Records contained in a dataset
::::::::::

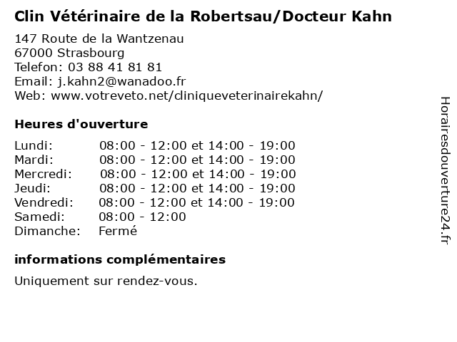 | Lundi | 08:00-12:00 et 14:00-19:00 |
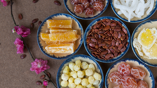 Nhắc đến tết,chúng ta không thể nào không nhắc đến mứt - món ăn quen thuộc có vị ngọt như thể hiện tình cảm ngọt ngào của người tặng cho những người thân yêu. Có nhiều loại mứt ngon, ví dụ như: mứt sen, mứt dừa, mứt gừng,...
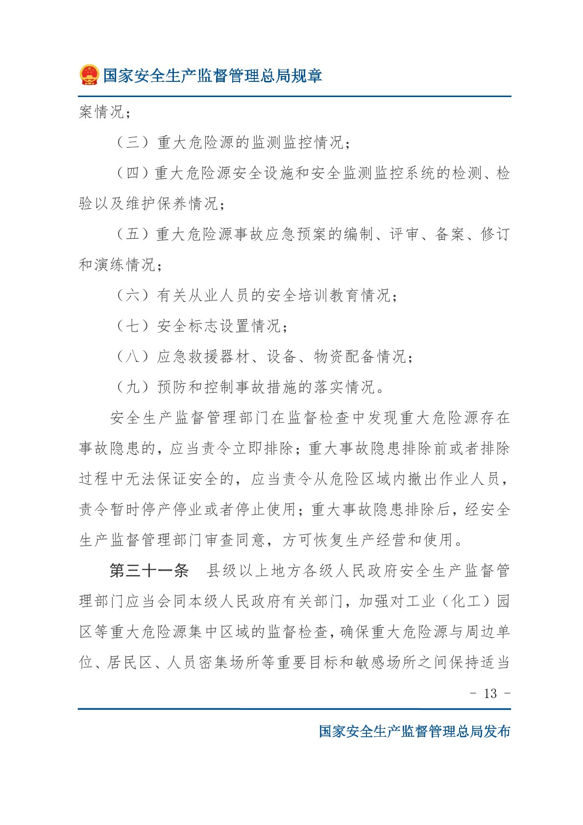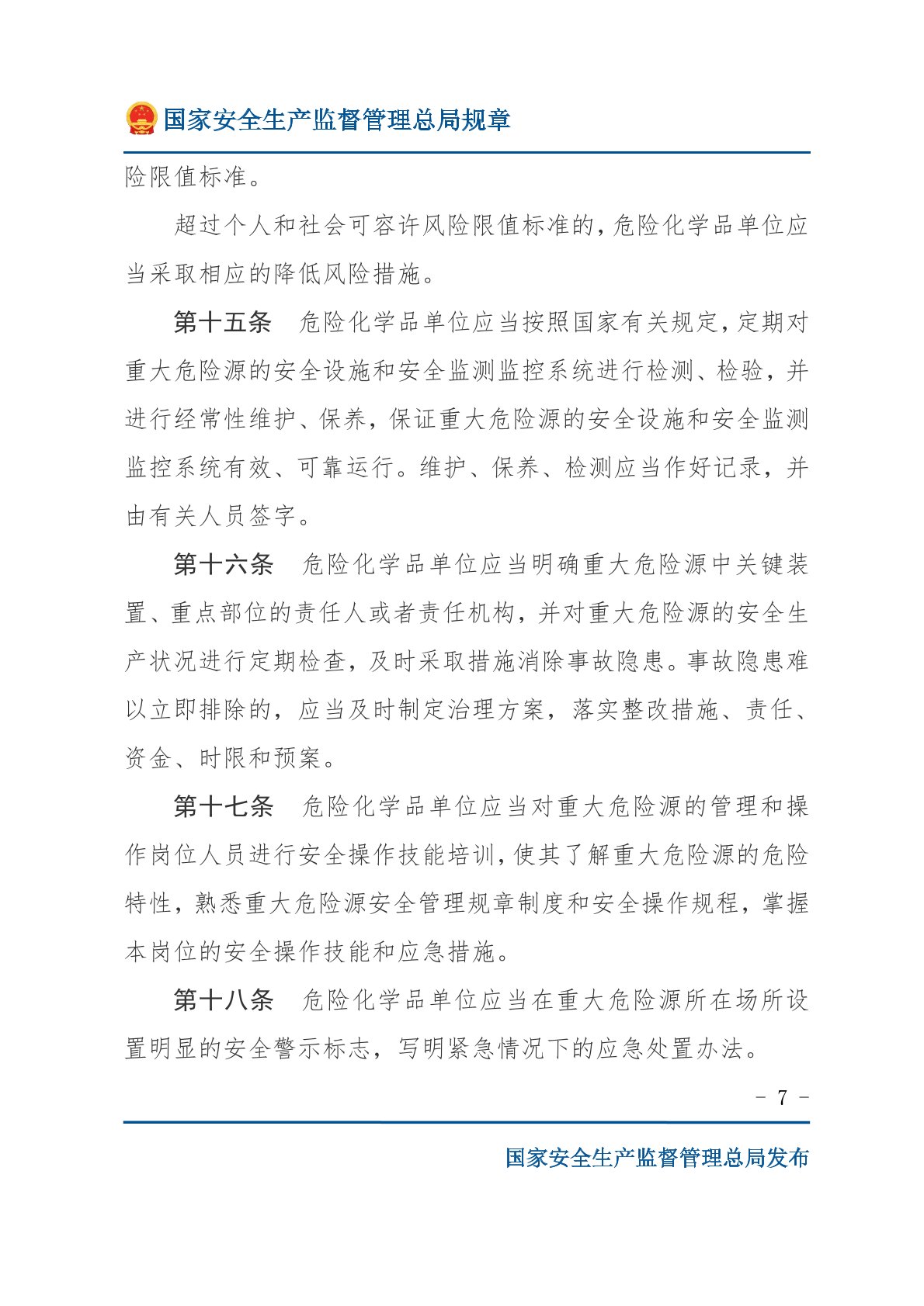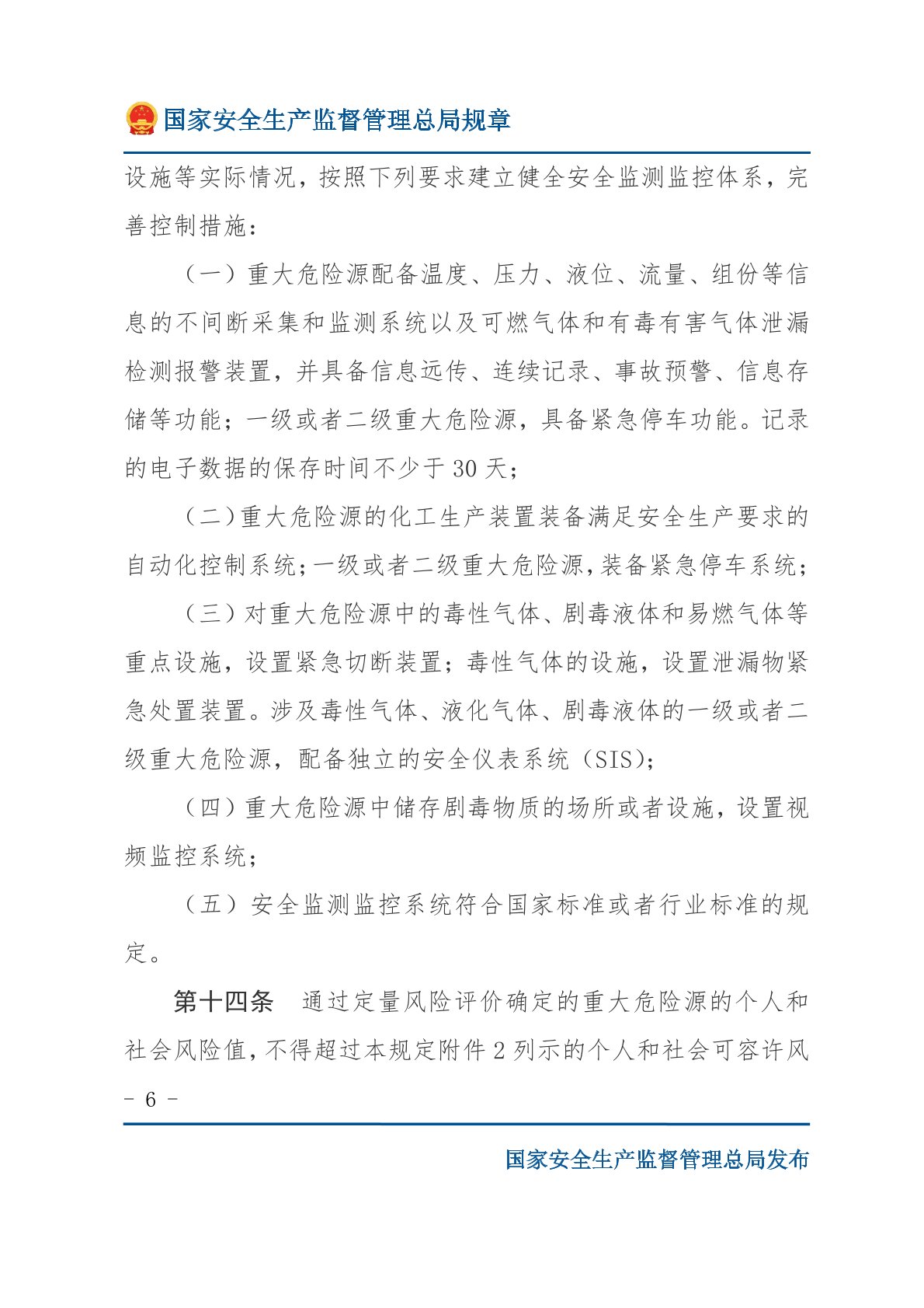 危险化学品重大危险源监督管理暂行规定
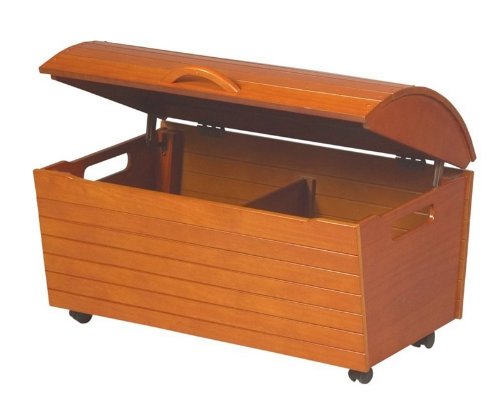 The classically styled Guidecraft treasure chest features casters for enhanced mobility. The cavernous storage area features removable dividers to allow storage customization. Features a safety hinge catch and cut-outs to prevent finger pinching. Dimensions: 32.5 x 20 x 50.
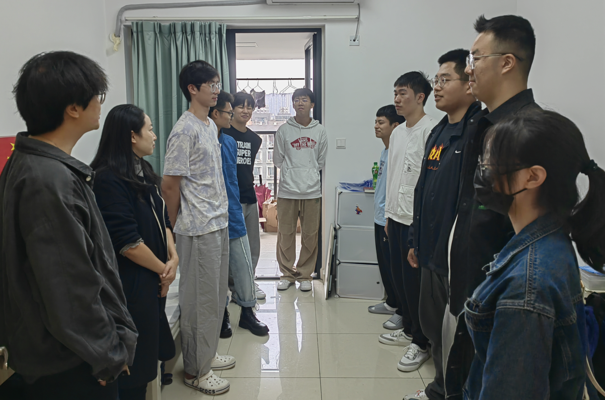 走访过程中,领导老师们认真察看寝室内部设施的情况。其中,熊林主任从宿舍文化、学习与生活态度等方面对新生提出建议,并勉励新生们怀着包容的心态拓展兴趣,尽快适应大学生活。史冰川书记与新生们进行亲切的交谈,并从做好未来学习规划、融洽室友关系、积极参与集体活动和德智体美劳全面发展等方面提出要求,寄予新生们殷切的希望。
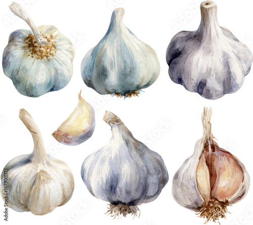 Obraz premium Watercolor Garlic Ensemble on Black, Clipping Path Illustration
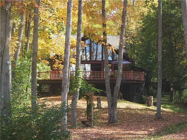 Don't miss this Chalet style home overlooking the 1/4 acre pond that is arriated by your own windmill. The 125 ACRES of beautiful woods surround this little retreat. 30x40 pole barn with electric door opener and a 1.5 car garage with a door opener also. You'll never be without power as there is a 8000 watt generator. The wood burning stove has a wood elevator from the basement to bring the wood up to keep you extra toasty! What a great hunting lodge/year round residence, private vacation home with campsite hook ups near the pond.
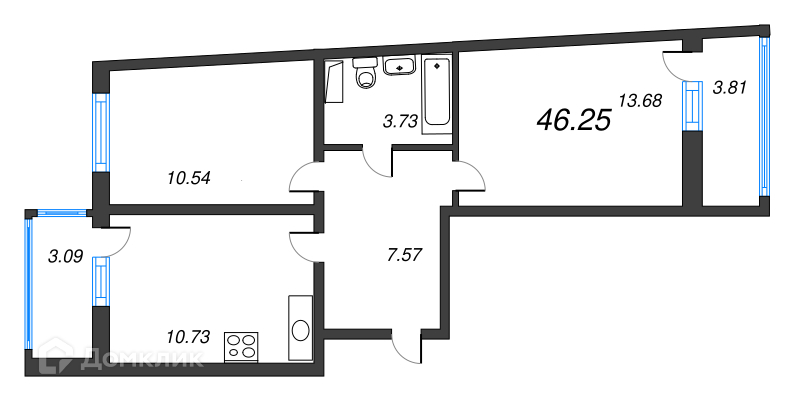 Общая площадь 46.25 м2
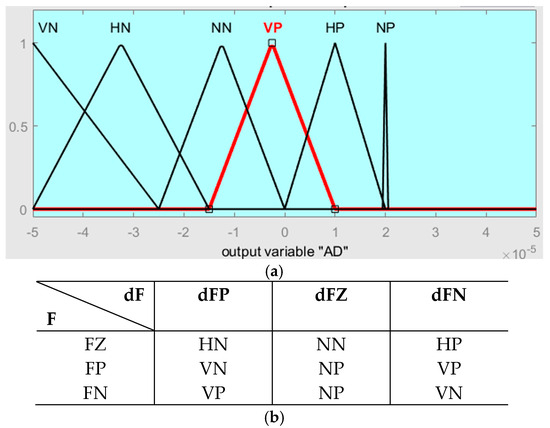 Design of the proposed IFDC method: (a) membership functions of the output variable AD; (b) fuzzy rule base.
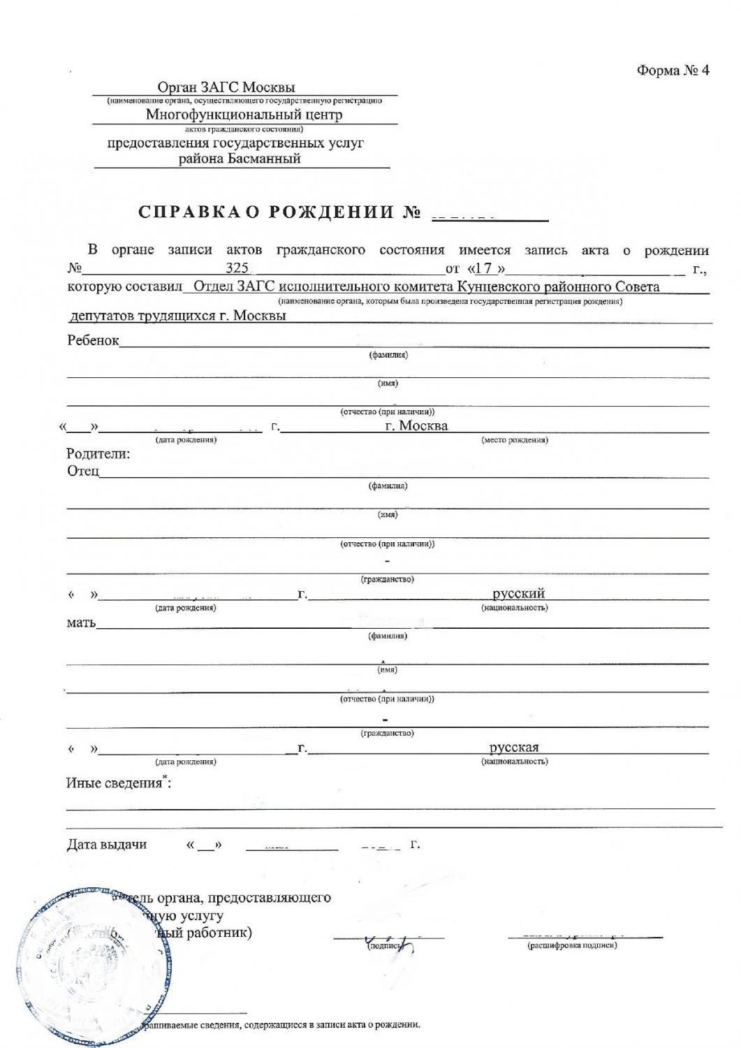 - Опытные специалисты в оформлении справок форма № 4 (о рождении)

::::::::::

Pictures are to be left out; please print the rest of the records above word for word.

TASK SOLUTION =
 | Lundi | 08:00-12:00 et 14:00-19:00 |
 Nhắc đến tết,chúng ta không thể nào không nhắc đến mứt - món ăn quen thuộc có vị ngọt như thể hiện tình cảm ngọt ngào của người tặng cho những người thân yêu. Có nhiều loại mứt ngon, ví dụ như: mứt sen, mứt dừa, mứt gừng,...
 危险化学品重大危险源监督管理暂行规定
 The classically styled Guidecraft treasure chest features casters for enhanced mobility. The cavernous storage area features removable dividers to allow storage customization. Features a safety hinge catch and cut-outs to prevent finger pinching. Dimensions: 32.5 x 20 x 50.
 走访过程中,领导老师们认真察看寝室内部设施的情况。其中,熊林主任从宿舍文化、学习与生活态度等方面对新生提出建议,并勉励新生们怀着包容的心态拓展兴趣,尽快适应大学生活。史冰川书记与新生们进行亲切的交谈,并从做好未来学习规划、融洽室友关系、积极参与集体活动和德智体美劳全面发展等方面提出要求,寄予新生们殷切的希望。
 Obraz premium Watercolor Garlic Ensemble on Black, Clipping Path Illustration
 Don't miss this Chalet style home overlooking the 1/4 acre pond that is arriated by your own windmill. The 125 ACRES of beautiful woods surround this little retreat. 30x40 pole barn with electric door opener and a 1.5 car garage with a door opener also. You'll never be without power as there is a 8000 watt generator. The wood burning stove has a wood elevator from the basement to bring the wood up to keep you extra toasty! What a great hunting lodge/year round residence, private vacation home with campsite hook ups near the pond.
 Общая площадь 46.25 м2
 Design of the proposed IFDC method: (a) membership functions of the output variable AD; (b) fuzzy rule base.
 - Опытные специалисты в оформлении справок форма № 4 (о рождении)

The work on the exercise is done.